HeatWave Release Notes
HeatWave AutoML supports text data types. To create a sample text
data set, use the fetch_20newsgroups
data
set from
scikit-learn.
This also uses the
pandas Python
library.
$> from sklearn.datasets import fetch_20newsgroups
$> import pandas as pd
$> categories = ['alt.atheism', 'talk.religion.misc', 'comp.graphics', 'sci.space']
$> newsgroups_train = fetch_20newsgroups(subset='train', remove=('headers', 'footers', 'quotes'), categories=categories)

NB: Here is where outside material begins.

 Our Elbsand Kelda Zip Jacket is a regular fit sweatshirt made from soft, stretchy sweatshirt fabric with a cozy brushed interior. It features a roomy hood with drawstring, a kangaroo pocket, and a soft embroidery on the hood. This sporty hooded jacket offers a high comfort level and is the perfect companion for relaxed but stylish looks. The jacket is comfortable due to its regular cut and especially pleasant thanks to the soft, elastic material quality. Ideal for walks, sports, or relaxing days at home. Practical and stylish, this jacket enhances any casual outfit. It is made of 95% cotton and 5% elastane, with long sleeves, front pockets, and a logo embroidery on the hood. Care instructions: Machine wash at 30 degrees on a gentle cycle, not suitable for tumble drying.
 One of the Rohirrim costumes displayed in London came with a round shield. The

$> df = pd.DataFrame([newsgroups_train.data, newsgroups_train.target.tolist()]).T
$> df.columns = ['text', 'target']
$> targets = pd.DataFrame( newsgroups_train.target_names)

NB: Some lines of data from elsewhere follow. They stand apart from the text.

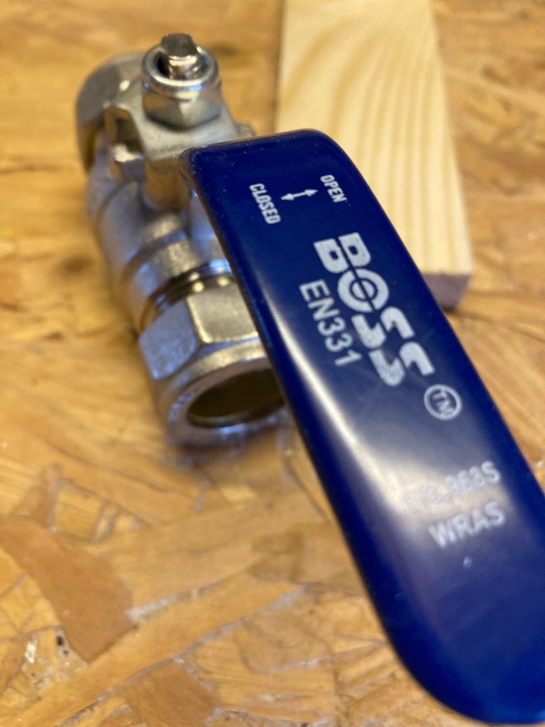 22mm lever ball valve with blue handle. Complete with brass olives. Chromed. NEW, unused. Make BOSS. See photos. Collection from Whitchurch BRISTOL.
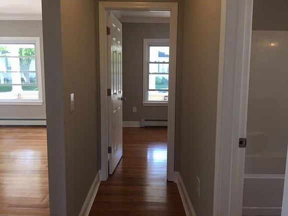 Available for a YEARLY RENTAL starting April 1, is perfectly situated minutes from NAVSTA and bridge and just five minutes from downtown Newport. Step inside to discover a bright, open floor plan. Gleaming hardwood floors flow throughout the main level, leading to a spacious 20' x 12' first-floor master bedroom, complete with his-and-hers closets and a sliding door to a large back deck. The renovated kitchen features white shaker cabinets, granite countertops, and GE stainless steel appliances. The first-floor bathroom has been completely renovated with a new tub/shower combo and stylish tile flooring. An additional first-floor bedroom provides flexibility for guests or a home office.Upstairs, the entire second floor serves as a private retreat, featuring a spacious bedroom with room for an office or play area, a cedar closet, and a newly tiled en-suite bath with a beautiful walk-in shower. The finished basement bonus room (10' x 19') is perfect as a game room, TV lounge, or extra living space, complete with brand-new carpeting. Energy efficiency is key, with a high-efficiency burner keeping heating costs low.Outside, a detached garage and a large driveway provide off-street parking for up to four cars. Newer windows, updated electrical and plumbing, and modern recessed lighting complete this stunning home.
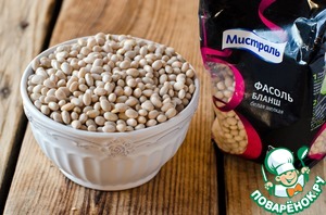 Для этого рецепта на понадобится белая фасоль марки Мистраль. Ее необходимо замочить на ночь, а затем отварить.

$> targets.columns=['category']
$> out = pd.merge(df, targets, left_on='target', right_index=True).drop('target', axis=1)
$> out = out[(out.text != '')] #remove empty strings
$> out.to_csv('20newsgroups_train.csv', index=False)
$> newsgroups_test = fetch_20newsgroups(subset='test', remove=('headers', 'footers', 'quotes'), categories=categories)
$> df = pd.DataFrame([newsgroups_test.data, newsgroups_test.target.tolist()]).T
$> df.columns = ['text', 'target']
$> targets = pd.DataFrame( newsgroups_test.target_names)
$> targets.columns=['category']
$> out = pd.merge(df, targets, left_on='target', right_index=True).drop('target', axis=1)
$> out = out[(out.text != '')] #remove empty strings
$> out.to_csv('20newsgroups_test.csv', index=False)
Then load the csv files into MySQL:
mysql> DROP TABLE IF EXISTS `20newsgroups_train`;
mysql> DROP TABLE IF EXISTS `20newsgroups_test`;
mysql> CREATE TABLE `20newsgroups_train` (`text` LONGTEXT DEFAULT NULL, `target` VARCHAR(255) DEFAULT NULL);
mysql> CREATE TABLE `20newsgroups_test` LIKE `20newsgroups_train`;
mysql-js> util.importTable("20newsgroups_train.csv",{table: "20newsgroups_train", dialect: "csv-unix", skipRows:1})
mysql-js> util.importTable("20newsgroups_test.csv",{table: "20newsgroups_test", dialect: "csv-unix", skipRows:1})